(Items from a dataset)
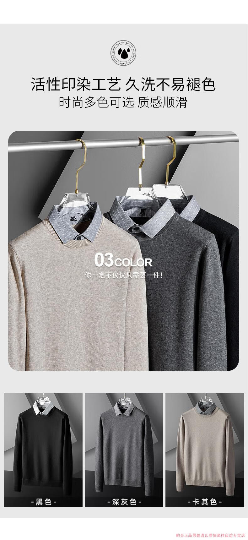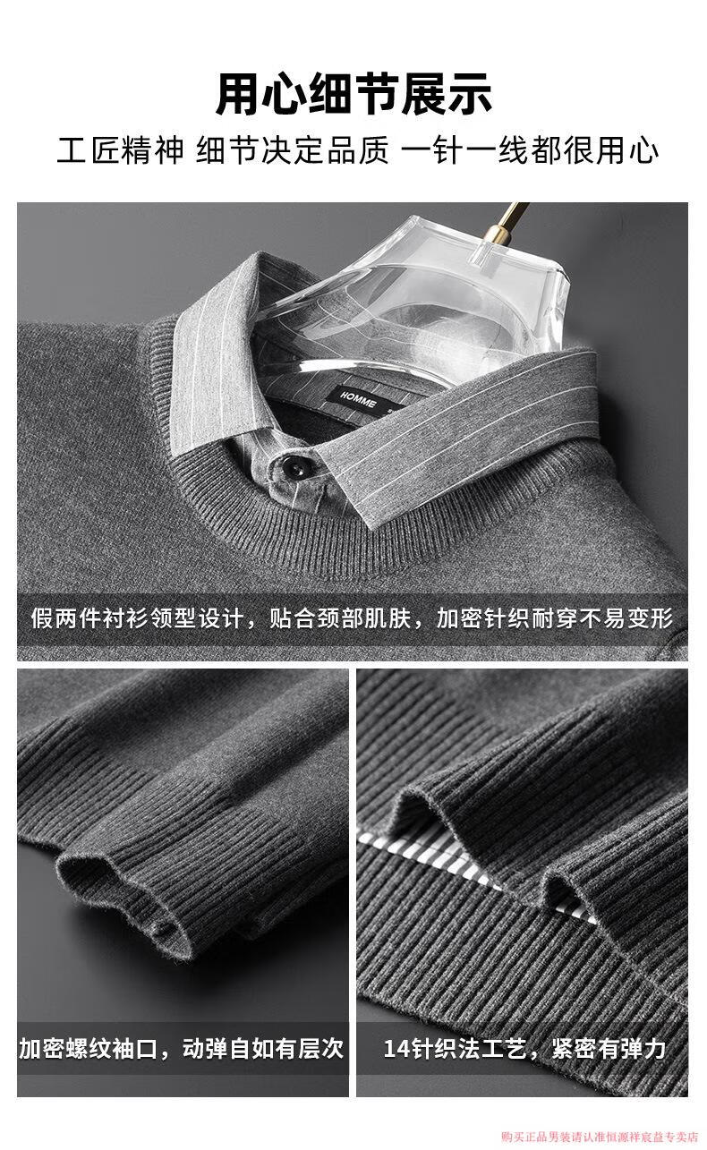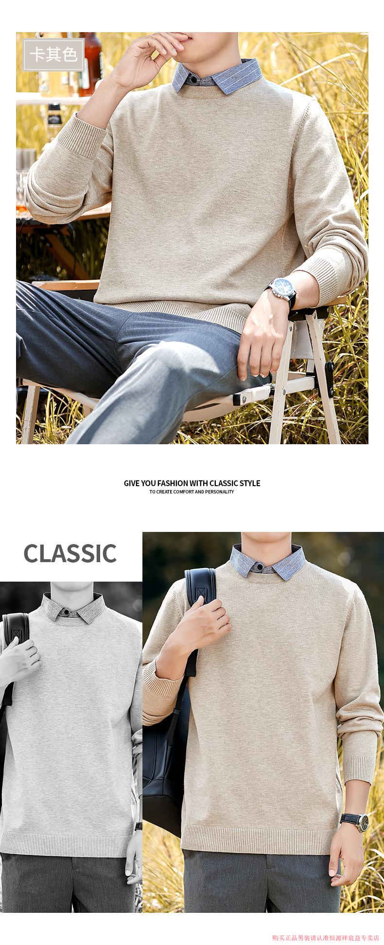 Hengyuanxiang relaxed Henry collar fake two-piece sweater casual versatile sweater for men/ready in stock Khaki M (90-110Jin Jin equals 0.5kg)
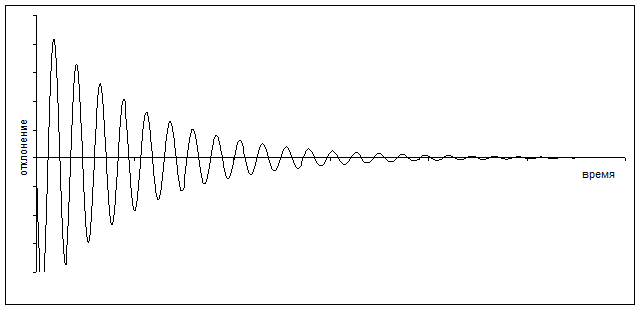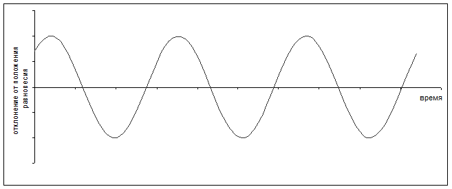График зависимости отклонения от положения равновесия от времени имеет вид:
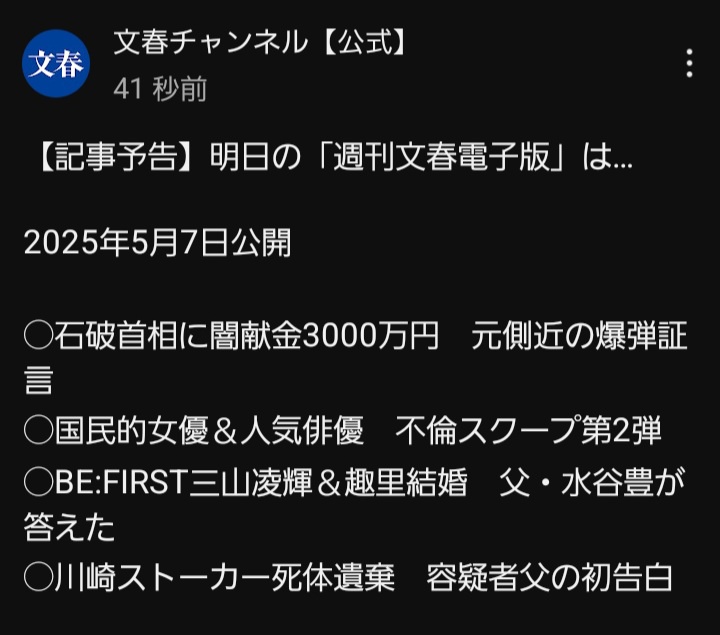 現役総理なら揉み消せる - 73 名前:一般よりも上級の名無しさん 投稿日時:2025/05/06(火) 21:16:54.26 ID:420daw+GH
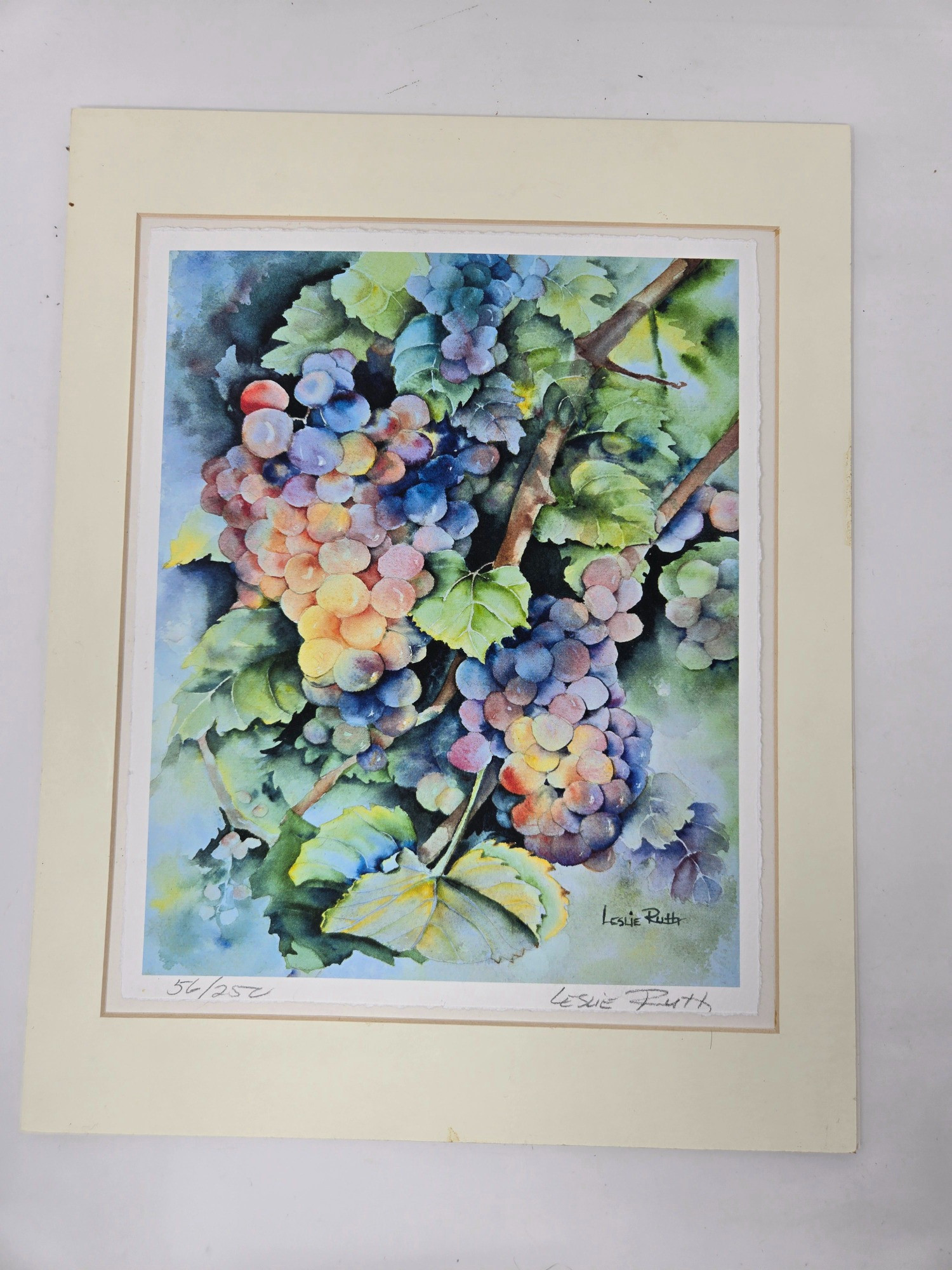This is a limited edition watercolor print, numbered 56/250, by artist Leslie Ruth. The painting depicts a bunch of grapes in rich shades of purple, blue, yellow, and pink, capturing ripeness and the play of light. Details: Medium: Watercolor print Style: Still life, emphasizing abundance and vitality Technique: Soft, blended effect with flowing colors for depth and texture Framing: Matted with a light-colored border to enhance the artwork Size: 12” x 10 ½”
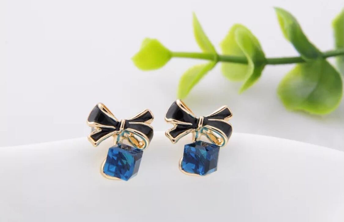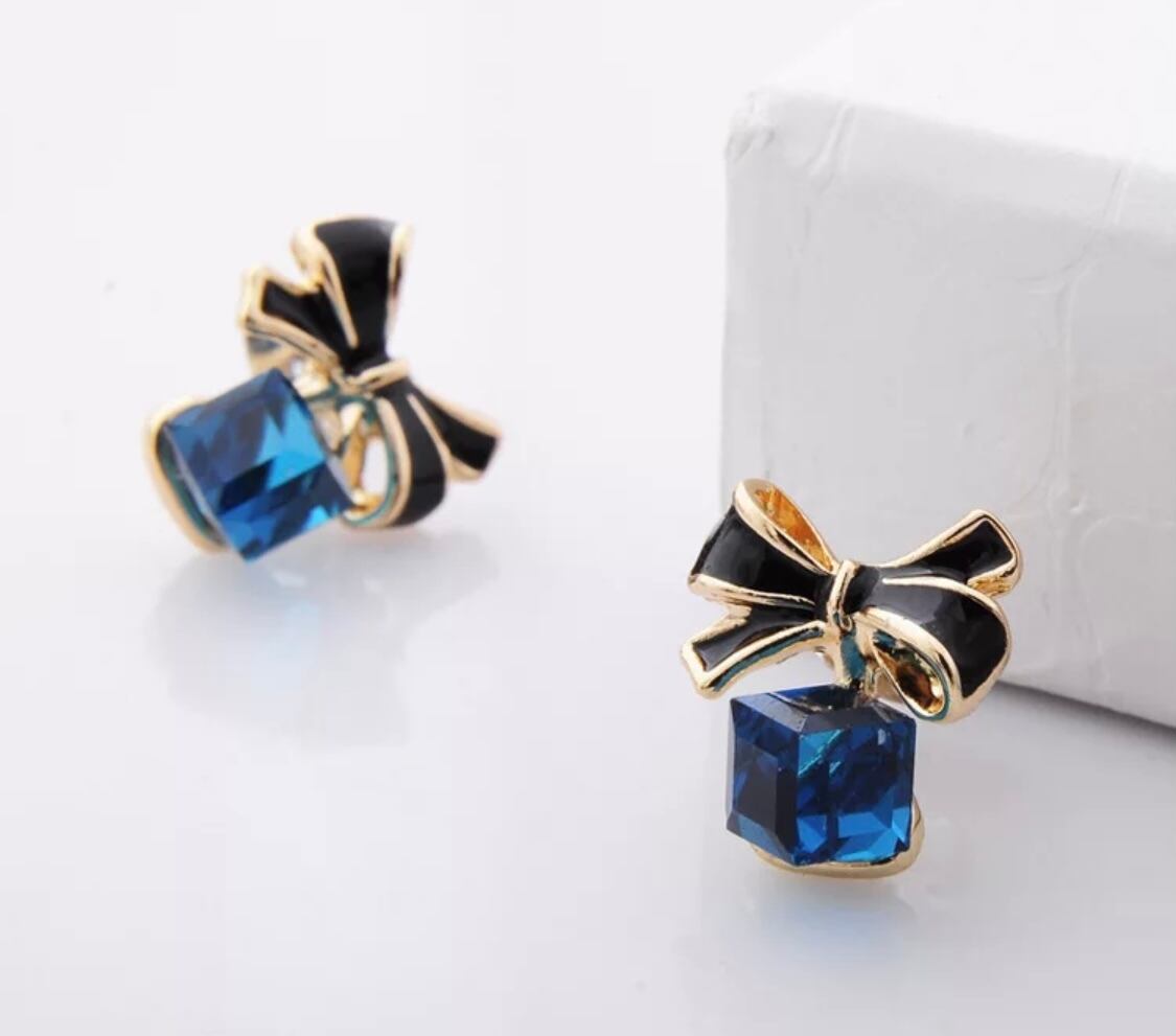 おリボンに透き通ったスクエアのストーンの小ぶりの可愛いイヤリングになります♡
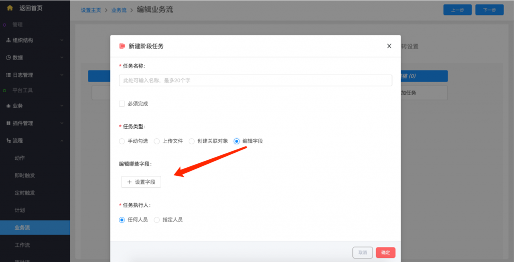 - 業(yè)務(wù)流添加階段任務(wù),新增“編輯字段”類型任務(wù),所有設(shè)置的字段均為必填

◆ **What the task asks**: I would like the data above transcribed exactly, with its pictures left out.

◆ **Answer to this task**:
 Hengyuanxiang relaxed Henry collar fake two-piece sweater casual versatile sweater for men/ready in stock Khaki M (90-110Jin Jin equals 0.5kg)
График зависимости отклонения от положения равновесия от времени имеет вид:
 現役総理なら揉み消せる - 73 名前:一般よりも上級の名無しさん 投稿日時:2025/05/06(火) 21:16:54.26 ID:420daw+GH
This is a limited edition watercolor print, numbered 56/250, by artist Leslie Ruth. The painting depicts a bunch of grapes in rich shades of purple, blue, yellow, and pink, capturing ripeness and the play of light. Details: Medium: Watercolor print Style: Still life, emphasizing abundance and vitality Technique: Soft, blended effect with flowing colors for depth and texture Framing: Matted with a light-colored border to enhance the artwork Size: 12” x 10 ½”
 おリボンに透き通ったスクエアのストーンの小ぶりの可愛いイヤリングになります♡
 - 業(yè)務(wù)流添加階段任務(wù),新增“編輯字段”類型任務(wù),所有設(shè)置的字段均為必填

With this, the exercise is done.